Items from a data source
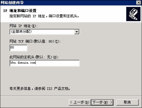 (3) 网站IP地址不用填写,端口如没有特殊要求则保持 80 即可,最后正确输入网站域名。如下图所示:
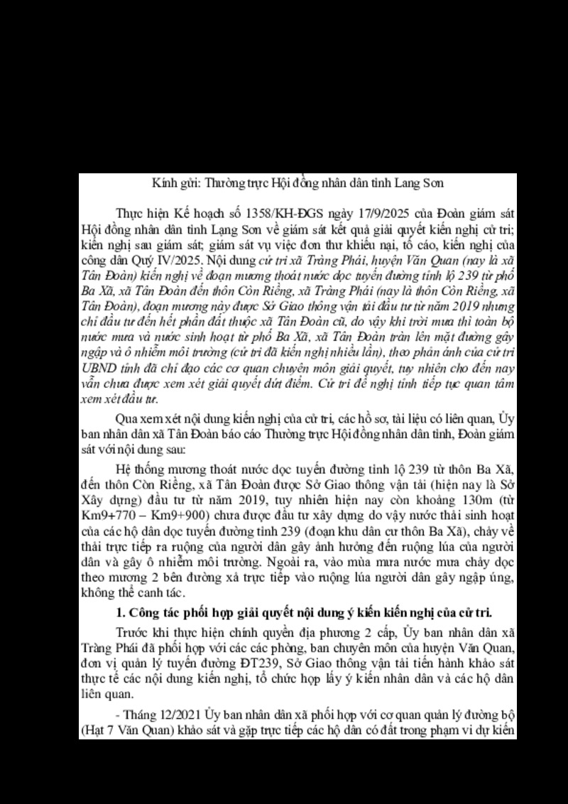 | Tiêu đề văn bản | Báo cáo tình hình, kết quả giải quyết kiến nghị cử tri (Báo cáo Đoàn giám sát HĐND tỉnh theo kế hoạch 1358) | ||
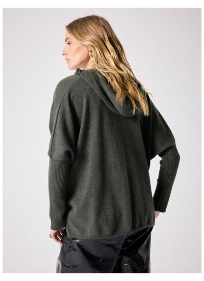 Pull poncho pour femme, col capuche, manches longues / Manches côtelées / Poche kangourou à l'avant / Fentes latérales/ Coupe poncho, oversize / Pull 100% cachemire 2 fils 12GG/Longueur de la taille S/M : 64 cm/Ajoutez deux centimètres supplémentaires par taille.
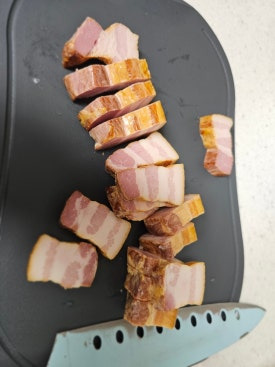 이렇게 길죽하게 훈제되어있구요 잘라서 반씩
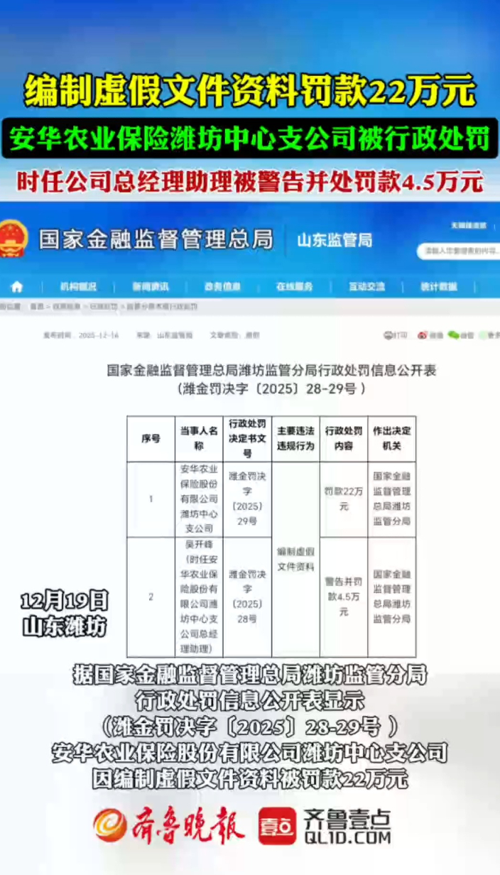 果然视频|因编制虚假文件资料,安华农业保险潍坊中心支公司被罚齐鲁晚报·齐鲁壹点客户端 18:44原创12月16日,国家金融监督管理总局潍坊监管分局发布行政处罚信息公开表(潍金罚决字〔2025〕28-29号 ),公开表显示安华农业保险股份有限公司潍坊中心支公司因编制虚假文件资料被罚款22万元 。同时,时任安华农业保险股份有限公司潍坊中心支公司总经理助理吴开峰因编制虚假文件资料,被警告并罚款4.5万元。 齐鲁晚报·齐鲁壹点 李国栋
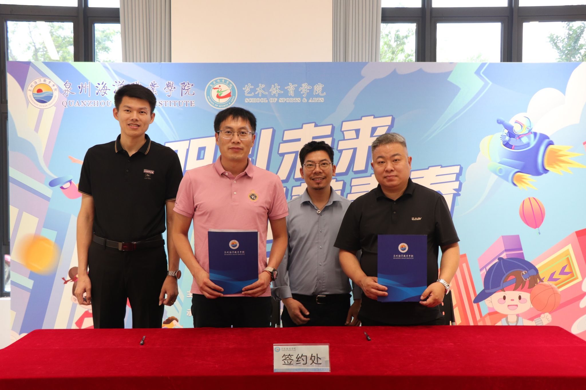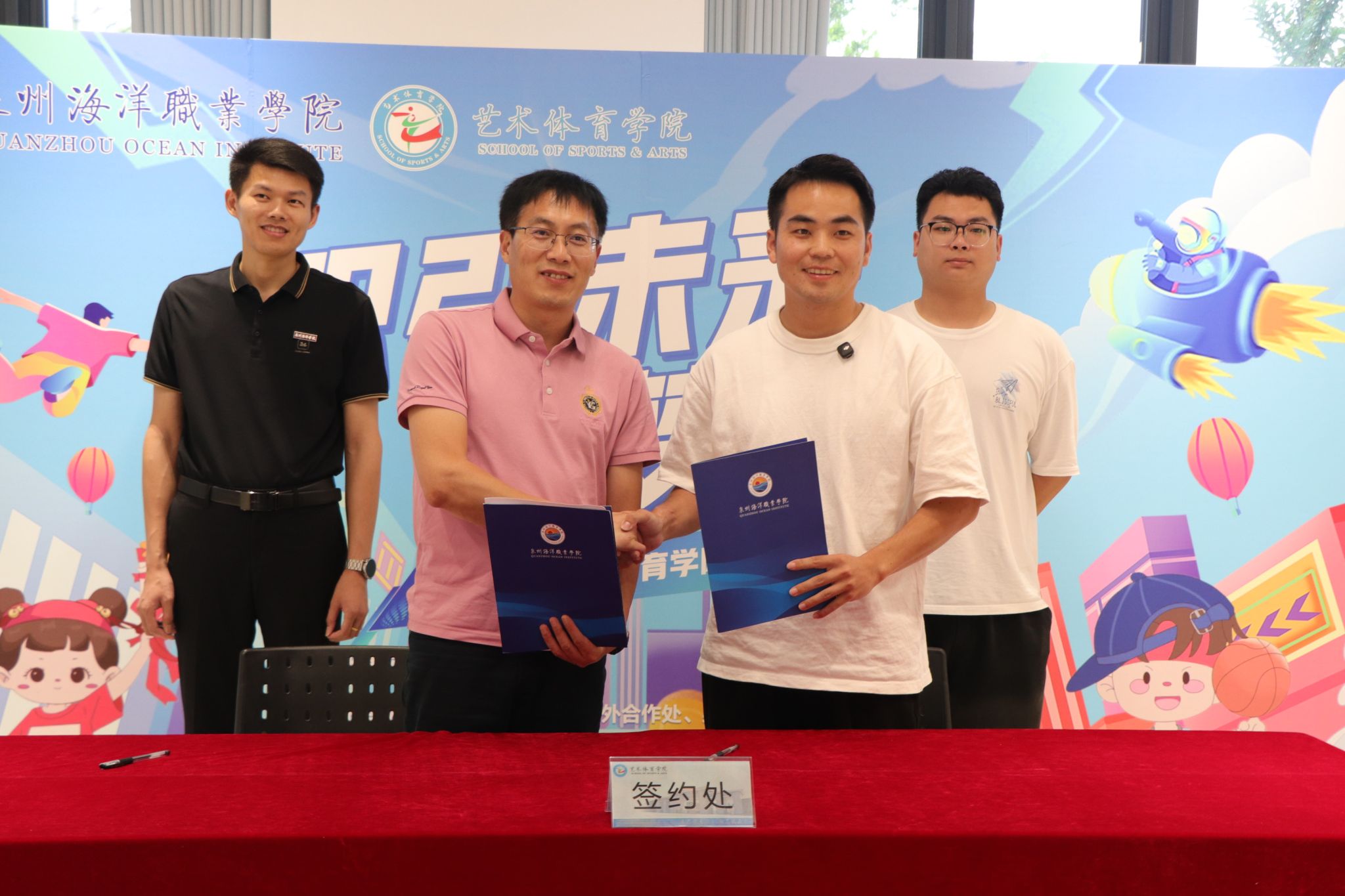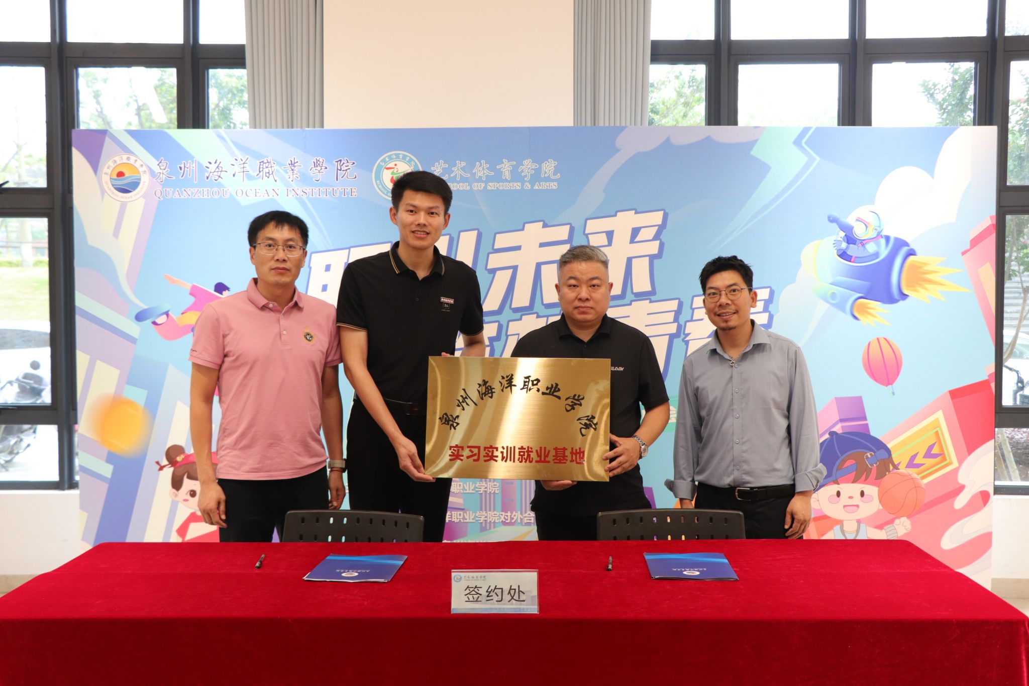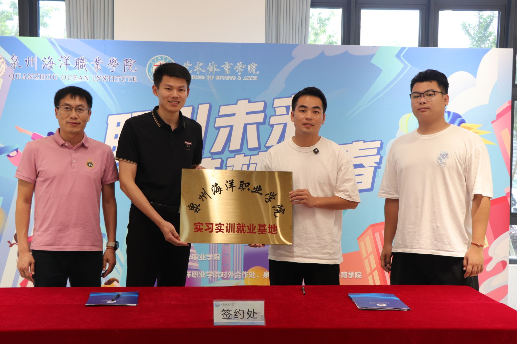 招聘会上,艺术体育学院院长孙玉坤、书记陈绍勇代表学校分别与鹭元堂(厦门)大健康产业发展有限公司、石狮市聚泳体育文化传播有限公司两家知名企业签订了校企合作协议,并颁授了“实习实训就业基地”牌匾。
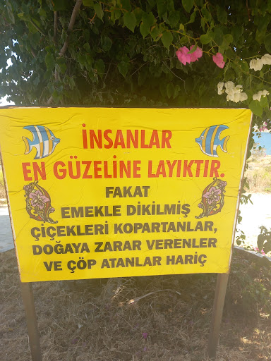 Bir de köşk yakinlarinda duran su tabelalar da dikkatimi cekti. Belediyenin koydugunu sanmiyorum cunku belediyenin kullandigi dil bu değil. Neymis begonvilleri insanlar araba ile gelip dalından kopariyorlarmis da cicekler dalinda guzelmis. Eee bu doğal ortamindan koparip daracik yerlerde dekor olarak kullananlara ne deni??? O cicekleri koparan kisiler bu zulümu yapanlardan daha vicdanlidir. Bir de tabelalardan birinde insan her seyin en guzeline sahiptir yaziyir. Çöp atmayan çevreyi koruyan. Insan en guzeline layiktir evet ama bir de Hayvanlari koruyan ve...
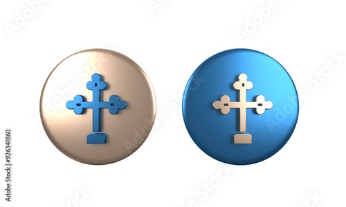 © Kostiantyn, Fototapeta premium Colorful Christian cross icon isolated on white background. Church cross. Circle button. 3D render illustration
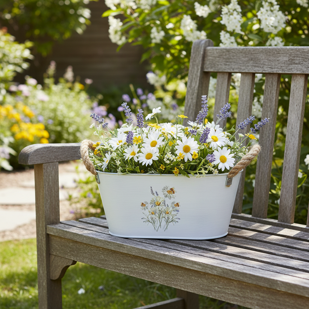 Usa il bellissimo vassoio per piante come base per la tua prossima sistemazione estiva o pianta subito fiori in casa o sul balcone. Per i fiori veri si consiglia di stenderli con pellicola e argilla espansa come drenaggio.
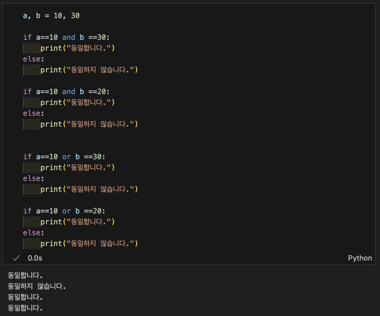 - and : 조건이 두개일 경우 둘다 성립해야 성립

- _YOUR ASSIGNMENT_
Reproduce exactly the lines of the entries above from the first through the line with "hoạch 1358) | ||", both included; pictures should not be reproduced.

- _THE ANSWER_
 (3) 网站IP地址不用填写,端口如没有特殊要求则保持 80 即可,最后正确输入网站域名。如下图所示:
 | Tiêu đề văn bản | Báo cáo tình hình, kết quả giải quyết kiến nghị cử tri (Báo cáo Đoàn giám sát HĐND tỉnh theo kế hoạch 1358) | ||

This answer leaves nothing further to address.